I was raised by a Filipina mother and a dad that worked in the foundry. I grew up in a biracial home, but I didn't realize how much that would impact me until many years later. Some of my earlier memories involve being traumatized by food. In the Philippines, the most common things people ate were the fruits that grew in their yards. This included bananas, papayas, and mangoes, but these items were not readily available in the States during this time. The other things my mom grew up in were the left over parts of animals, because that was all they could afford. She would cook some kind of fish that smelled so bad we all had to leave the house. She didn't make me eat this, but I did have to eat some other things. Special occasions in the Philippines were celebrated by eating lichon. Americans would call this a hog roast, but for some reason my uncle, who knew a lot of farmers, bought us a pig that was completely unprepared. We shaved it with Bic razors. My grandma talked about how yummy the ears were going to taste, and all I could think about was shaving that pig. I didn't eat anything that might have come from a pig for years. Of course, I didn't realize hot dogs came from pigs. During this time, the mother was responsible for keeping the house clean and feeding the family, so I had no choice but to eat what she gave me. Some of my happiest moments were when we would go to a Chinese restaurant, because my mom would just let me sit and eat sugar packets. I guess she figured that at least she didn't have to pay for my food or fight me.
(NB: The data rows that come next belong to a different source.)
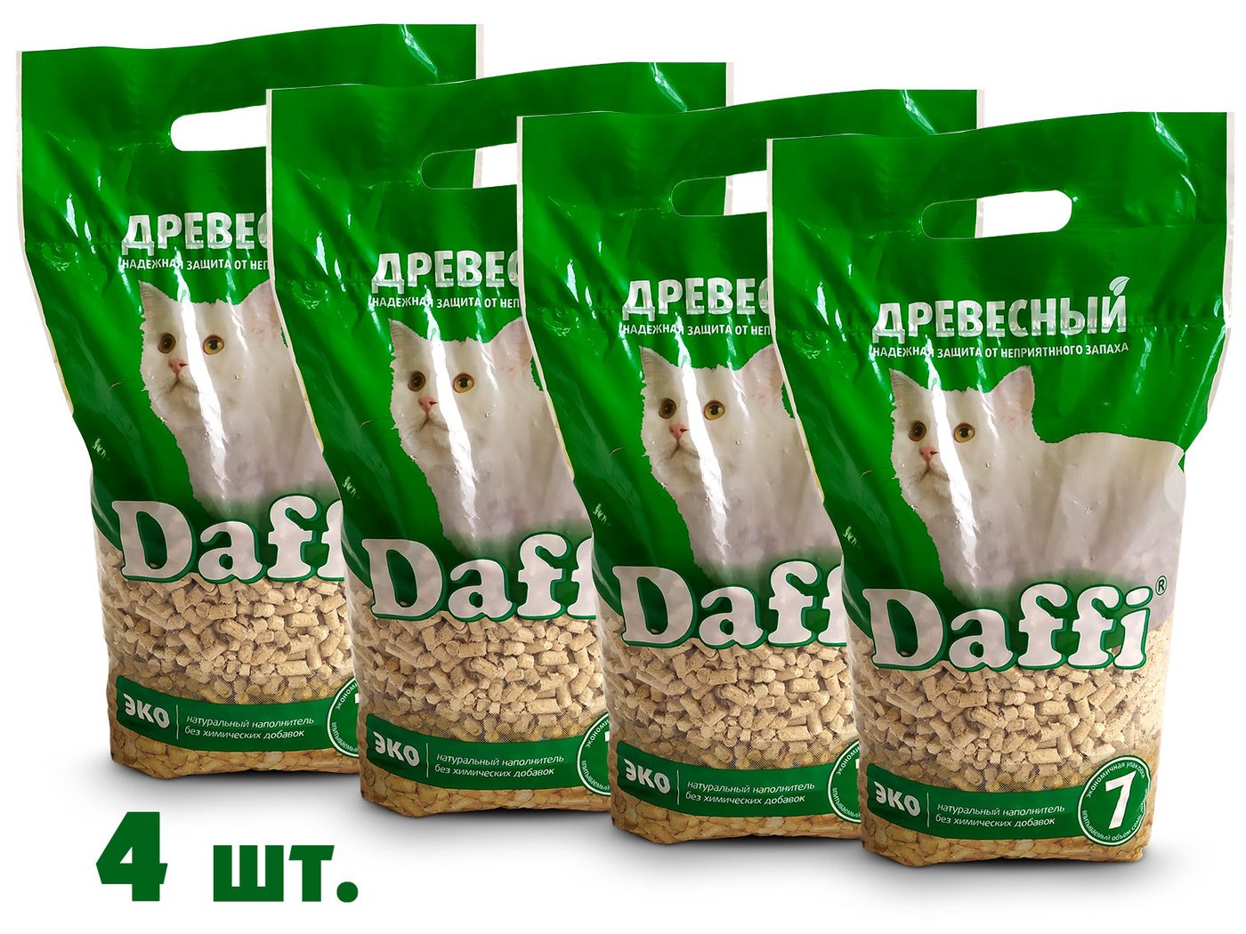 Гигиенический наполнитель Daffi EKO древесный, 7 литров х 4 шт
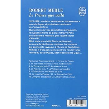 1572-1588 : années «venteuses et tracasseuses» où catholiques et protestants continuent de s'entredéchirer. Quittant de nouveau son château périgourdin, le huguenot Pierre de Siorac retrouve Paris où il devient le médecin, puis l'agent secret d'Henri III.Mûri, mais non vieilli, Pierre va découvrir, au cours de périlleuses missions, les menaces qui guettent le royaume, à l'heure où l'ambitieux Philippe II d'Espagne, mettant à profit nos discordes, arme contre le roi de France le bras du duc de Guise, chef redouté de la Ligue...Tableau saisissant d'un roi au milieu de ses grands féaux, des « quarante-cinq » qui le protègent contre les dagues, du Paris fanatique et rebelle qui le chassera du trône, Le Prince que voilà nous mène parmi les complots, les rivalités, les intrigues qui semblent bien devoir anéantir la « fortune de France ». Pourtant ni l'amitié ni le bonheur de vivre ne perdent leurs droits. Ni l'entrain inépuisable et fécond d'un romancier plus captivant que jamais.
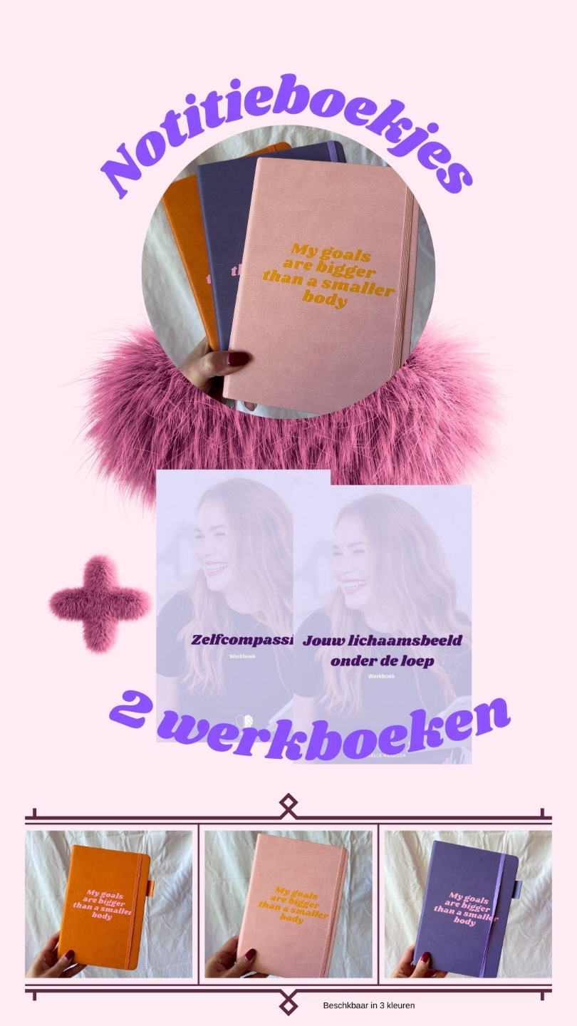 Als zelfliefde en lichaamsacceptatiecoach heb ik een missie om vrouwen weer van hun lichaam te laten houden. Deze speciale set met notiteboekje en twee digitale werkboeken zijn de perfecte manier om jouw zelfliefde en lichaamsacceptatie een boost te geven.
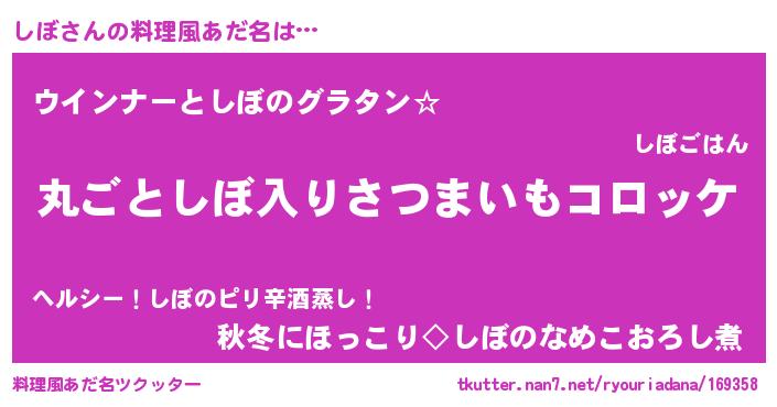 | 男性向けラノベタイトル風あだ名 | 『魔弾の王としぼ』『シボスレイヤー』 |
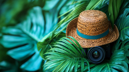 A travel-themed composition featuring a straw hat and tropical leaves, creating a bright and inviting summer vibe.
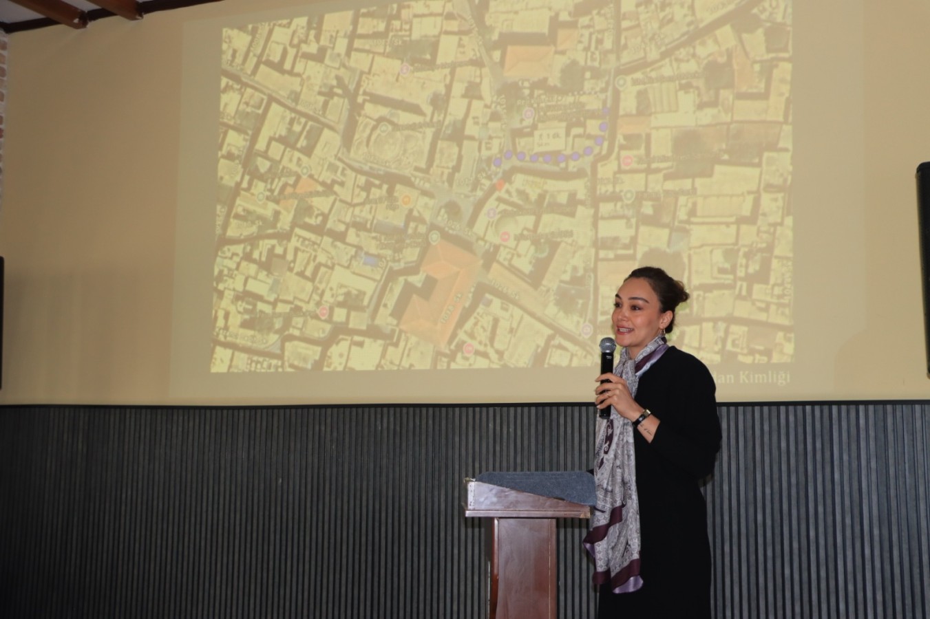 Şanlıurfa Büyükşehir Belediyesi Proje Danışmanı Şeyda Kutluoğlu tarafından öğrencilere ve öğretim görevlilerine, bölgenin tarihi yapısı, mimari özellikleri ve kentsel dokusu hakkında kapsamlı bir sunum yapıldı.
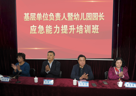 2016年12月20日,青島市首期基層單位負責人暨幼兒園園長應(yīng)急能力提升培訓班在青島市應(yīng)急安全體驗培訓中心舉行開班儀式。青島市人民政府應(yīng)急管理辦公室主任張建剛、青島市教育局安保處處長孫建國出席并發(fā)表致辭。青島市教育局基礎(chǔ)教育處調(diào)研員李世霞、青島市應(yīng)急自救產(chǎn)業(yè)技術(shù)創(chuàng)新戰(zhàn)略聯(lián)盟理事長、青島海麗雅集團董事長張旭明出席開班儀式。

Food was not my only battle ground. I knew I was going to go to college, but I had to figure out how I would pay the bill. After my freshman year at the University of Illinois, my dad lost his job, and he made most of the money for our family. In order to continue with my education, I was a subject for psychology experiments, I worked for a catering business, and I joined Army ROTC. I took out loans. A lot of loans. I'm still paying them off, but that's another story. Eventually, I got my degree, and I went into teaching. I had dreamed of being a teacher, but I was never taught how to deal with the police coming to my classroom door to take a student away in handcuffs. Teaching was not what I expected it to be. It's one of the hardest things I've ever done, but I love it, and I now have 16 years of teaching experience after earning my bachelor's degree from the University of Illinois at Urbana-Champaign.
I had stopped being a student for 12 years when I decided to continue my education. I now had to figure out how to take classes while I worked full-time and raised two kids. On-line learning has become popular, and through this option after two years I earned my master's degree from Concordia University. I hope to continue on to earn my doctorate's some day, so once I retire from being a high school teacher, I can become a professor at a university.
My mom still tries to get me to eat gross things, and I still refuse. She entertains herself by telling me stories of eating chicken intestines and other chicken parts people just shouldn't eat. Life is full of things that are hard, but there are some awesome rewards on the other side of the challenges if you can just survive them in the first place.